**What the exercise asks:** All lines from the one with "ピュアプレストアイシャドウ トリプル 2.8g ¥4,600(税抜)" through the final line below are to be reproduced exactly; omit the others.

**Source material:**

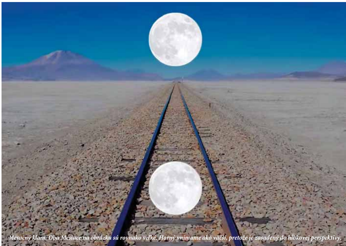
Mesačný kľam. Oba Mesiace na obrázku sú rovnako veľké. Horný vnímame ako väčší, pretože je zasadený do hĺbkovej perspektívy.

Každý nezaujatý divák videl, že v priebehu zápasu medzi hráčov vošla veľká čierna gorila, zastavila sa uprostred, búchala sa seba vedome do prs a pomaly prešla na druhý koniec ihriska. No diváci, ktorí dostali za úlohu spočítať prihrávky medzi hráčmi v bielych dresoch, nič nevideli.
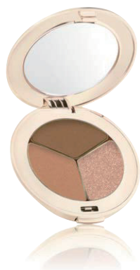
ピュアプレストアイシャドウ トリプル 2.8g ¥4,600(税抜)

高品質の微粒子ミネラルをベースにつくられたプレストタイプのアイシャドウは、繊細な輝きと美しい発色が魅力。さらに美容効果が高いピクノジェノールやザクロエキスを高配合。乾燥など悩みの多い目元をしっかり保湿します。

**Solution to this task:**
ピュアプレストアイシャドウ トリプル 2.8g ¥4,600(税抜)

高品質の微粒子ミネラルをベースにつくられたプレストタイプのアイシャドウは、繊細な輝きと美しい発色が魅力。さらに美容効果が高いピクノジェノールやザクロエキスを高配合。乾燥など悩みの多い目元をしっかり保湿します。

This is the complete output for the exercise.